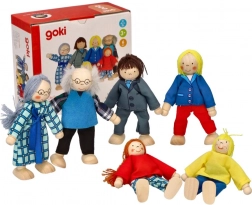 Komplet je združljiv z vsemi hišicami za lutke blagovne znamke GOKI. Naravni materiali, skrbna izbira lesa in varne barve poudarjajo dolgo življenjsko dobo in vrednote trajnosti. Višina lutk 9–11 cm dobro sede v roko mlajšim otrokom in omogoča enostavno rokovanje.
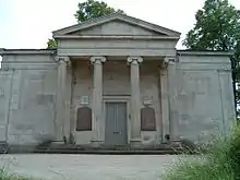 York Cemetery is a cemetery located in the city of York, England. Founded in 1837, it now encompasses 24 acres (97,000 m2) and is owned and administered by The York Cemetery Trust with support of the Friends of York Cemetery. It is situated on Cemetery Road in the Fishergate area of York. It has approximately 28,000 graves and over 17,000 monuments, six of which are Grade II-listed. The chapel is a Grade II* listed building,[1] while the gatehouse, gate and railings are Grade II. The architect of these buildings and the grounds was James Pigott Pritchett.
* * *
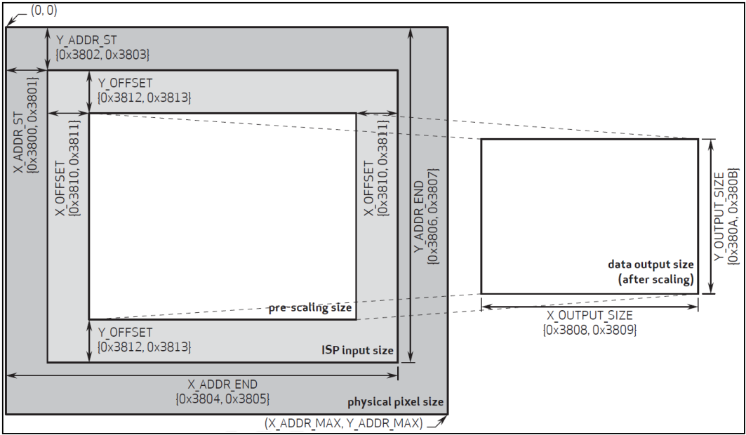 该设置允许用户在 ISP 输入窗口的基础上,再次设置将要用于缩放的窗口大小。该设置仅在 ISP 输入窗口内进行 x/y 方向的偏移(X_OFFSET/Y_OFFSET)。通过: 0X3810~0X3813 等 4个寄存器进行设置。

§ Your instructions:
Your answer is the exact run of lines above from the one with "Komplet je združljiv" through the one with "York Cemetery is", both ends included, minus any picture.

§ Response below:
 Komplet je združljiv z vsemi hišicami za lutke blagovne znamke GOKI. Naravni materiali, skrbna izbira lesa in varne barve poudarjajo dolgo življenjsko dobo in vrednote trajnosti. Višina lutk 9–11 cm dobro sede v roko mlajšim otrokom in omogoča enostavno rokovanje.
 York Cemetery is a cemetery located in the city of York, England. Founded in 1837, it now encompasses 24 acres (97,000 m2) and is owned and administered by The York Cemetery Trust with support of the Friends of York Cemetery. It is situated on Cemetery Road in the Fishergate area of York. It has approximately 28,000 graves and over 17,000 monuments, six of which are Grade II-listed. The chapel is a Grade II* listed building,[1] while the gatehouse, gate and railings are Grade II. The architect of these buildings and the grounds was James Pigott Pritchett.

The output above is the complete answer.